What is Load Forecasting?
Using a variety of means, utility providers work diligently every day to keep the grid in equilibrium. Predicting future energy demand is complex in and of itself, but has become increasingly complicated by evolving distributed energy resource (DER) technologies and the erratic weather conditions and temperature extremes symptomatic of climate change. Fortunately, demand forecasting software is available to help utilities address these uncertainties. With the right load forecasting technology, utilities can increase their grid resiliency and flexibility, while significantly reducing costs.
What is Load Forecasting?
Load forecasting is the process of predicting a future event, outcome, or trend based on historical and probabilistic data. This data is employed by electric utilities for both long-term planning decisions as well as short-term operational decisions. Forecasts can range from demand forecasting, which predicts energy consumption over the next few hours, to trying to longer term predictions regarding energy consumption years in advance.
Common Methods of Load Forecasting
There are numerous methods for energy forecasting, each useful for different scenarios. These models include diffusion, linear regression, logistics growth model, and more. The actual techniques used for demand forecasting include personal experience by an expert, data-driven models, and combinations from either category. Forecasting models are developed to manage many potentialities, ergo the need for more than one method to predict future energy needs. For the purpose of this introductory article, we’ll take a global view on load forecasting rather than digging into the specifics of anyone or the other forecasting methodology.
Integrated Resource Plans (IRP)
An integrated resource plan (IRP) is generally the longest duration forecast, with a prediction horizon (the duration into the future of the forecast) of roughly 20 years that gets updated every few years (e.g., every 2 or 3 years). IRPs predict long-term energy consumption and present a plan to supply that forecast with the lowest-cost resource mix that provides reliable service.
On shorter time horizons, ranging from a day in advance to a year in advance, a utility can use forecasting to fine-tune their energy supply agreements/contracts. The longer the forecast horizon, generally the less accurate the demand forecasting is due to an increased potential for uncertainties; too many variables complicate any equation. A utility accounts for this by adjusting the energy purchased to meet consumption for a given day as that day approaches (e.g., when the day is one year out, one month out, one week out, and one day out).
Preparing For Programmatic Events
Demand forecasting can also be used to help inform operational decisions, such as whether to call a demand flexibility event later in the day. Apart from overall energy consumption, load forecasting can be used to predict anything that a utility uses within its decision-making processes, such as solar generation, wind generation, and prices for products in energy markets.

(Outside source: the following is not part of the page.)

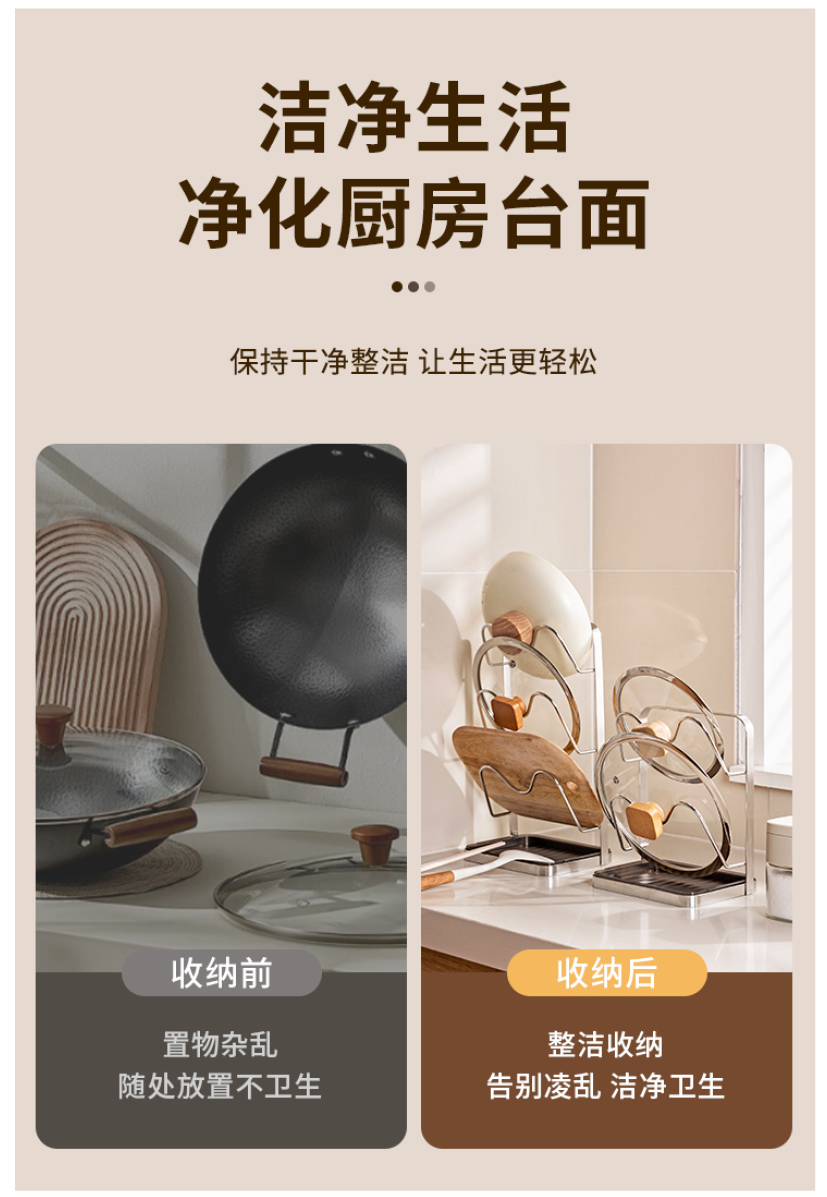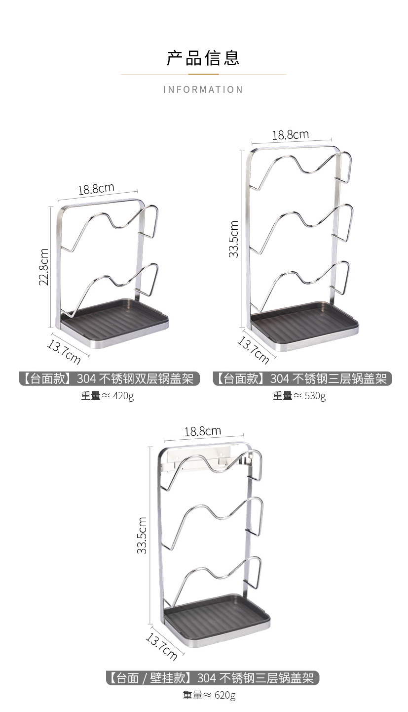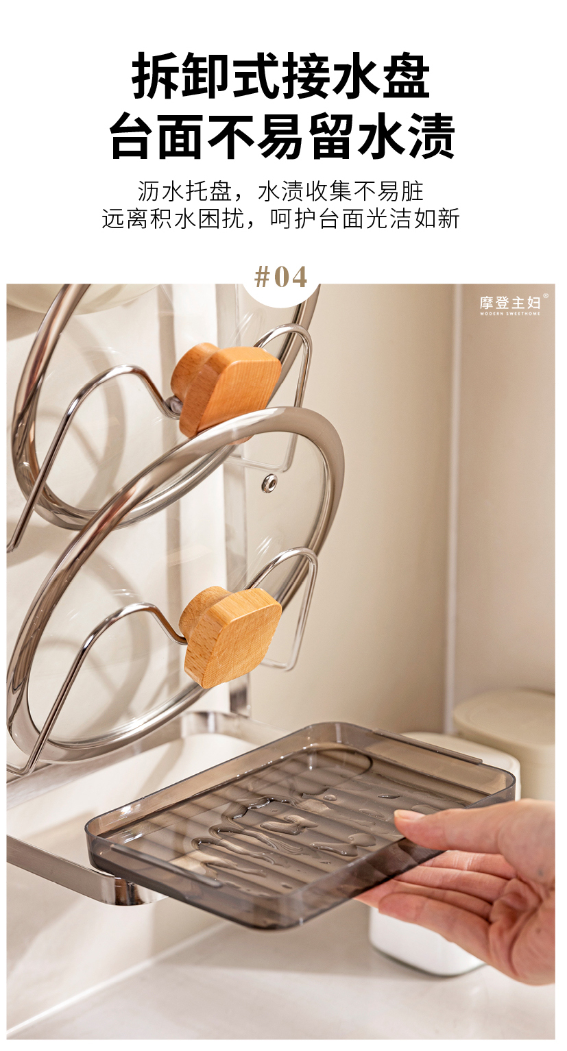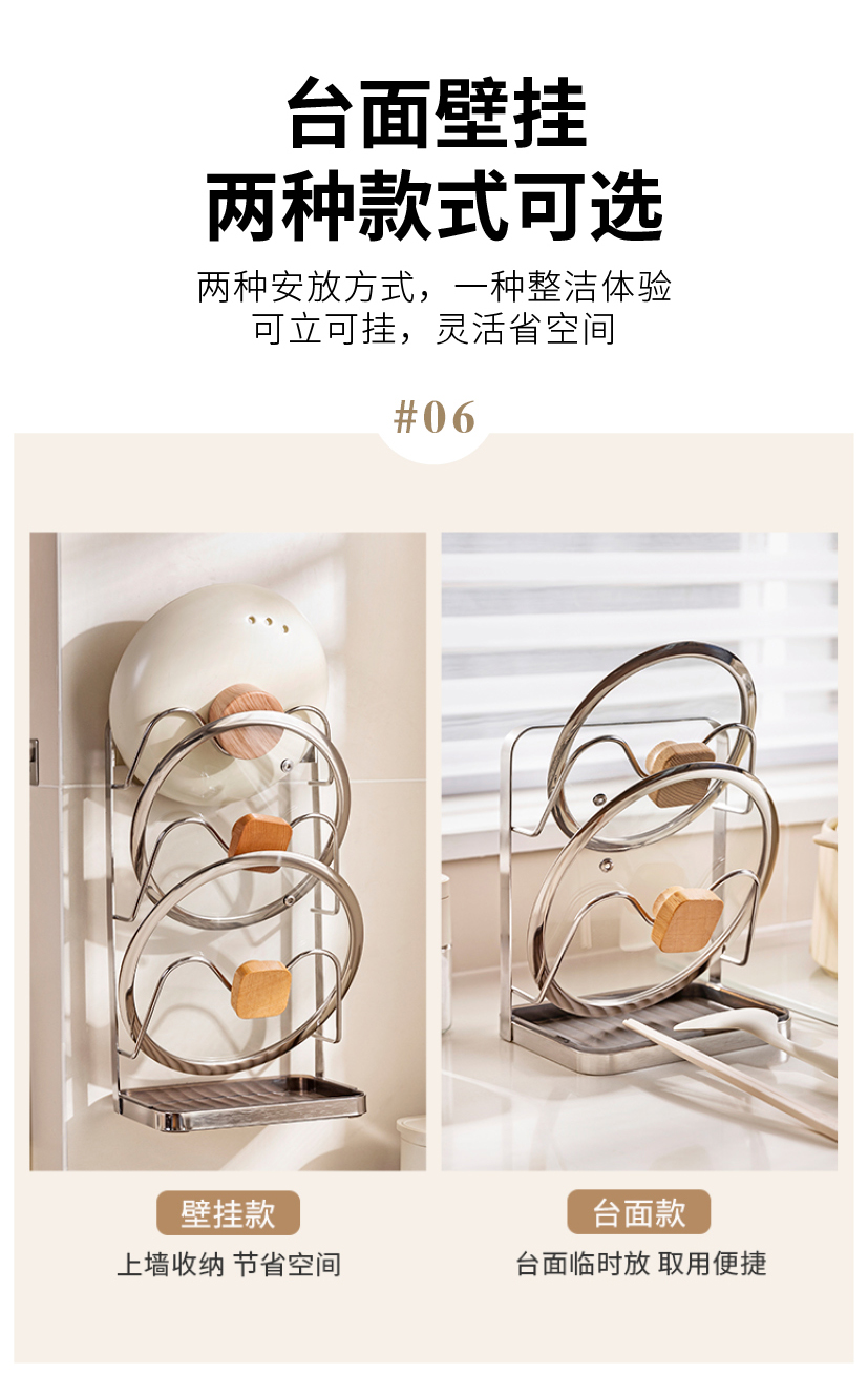 摩登主妇304不锈钢锅盖架台面砧板架壁挂式置物架菜板锅盖放置器

3 Means of Load Forecasting With Data
Data-driven solutions include analyses of a time series, machine learning methods, and neural networks (a subset of machine learning). Time series modeling attempts to capture a range of effects in the historical behavior of the quantity being forecast, to determine how a trend may play out in the future. An example of time series analysis is a SARMA model that captures the Seasonal, AutoRegressive, and Moving Average components of a time series.
Machine learning models for load forecasting vary widely but include methods based on regression. Regression methods use a set of input features (data that try to “explain” the outcome in the target value) to predict the target value given a model form (e.g., a linear relationship between input features and target value). This method then employs historical input feature data and target value data to compute optimal parameters for the model. The objective of machine learning regression methods is to best determine which factors are the most valuable to your project.
Neural networks are a subset of machine learning methods that attempt to mimic the human brain through interconnections of nodes. Like the human brain, neural networks operate nonlinearly to better process complex data sets. They use input features, a model, and computed parameters to generate predictions, where the computed parameters are based on historical input features and outcomes.
Beyond the three demand forecasting strategies enumerated above, there are several more forecasting methods each with its own unique different benefits. These other popular forecasting methods include support vector machines (SVMs) and random forests, formulas that take a different approach to find the right prediction.
Load Forecasting Conclusion
How a utility implements demand forecasting depends largely on its resources, energy purchasing habits, and regulatory restrictions. For utility providers exposed to widely differing energy prices, demand forecasting is critical in determining projected future needs over multiple timeframes. While, utility providers with non-variable energy contracts —agreements wherein the cost of energy is relatively fixed— likely have little incentive to perform detailed forecasting, prosumer-driven tech disruption, from distributed energy resources to electric vehicle (EV) charging, may ultimately upset that paradigm.
Ultimately, the regulators governing the utility have the final say on what forecasting must be done. If the regulators demand an IRP, for example, the utility must develop an IRP. As load forecasting is a key function for many utilities, there are many approaches to generating accurate predictions that can have huge implications for the utility.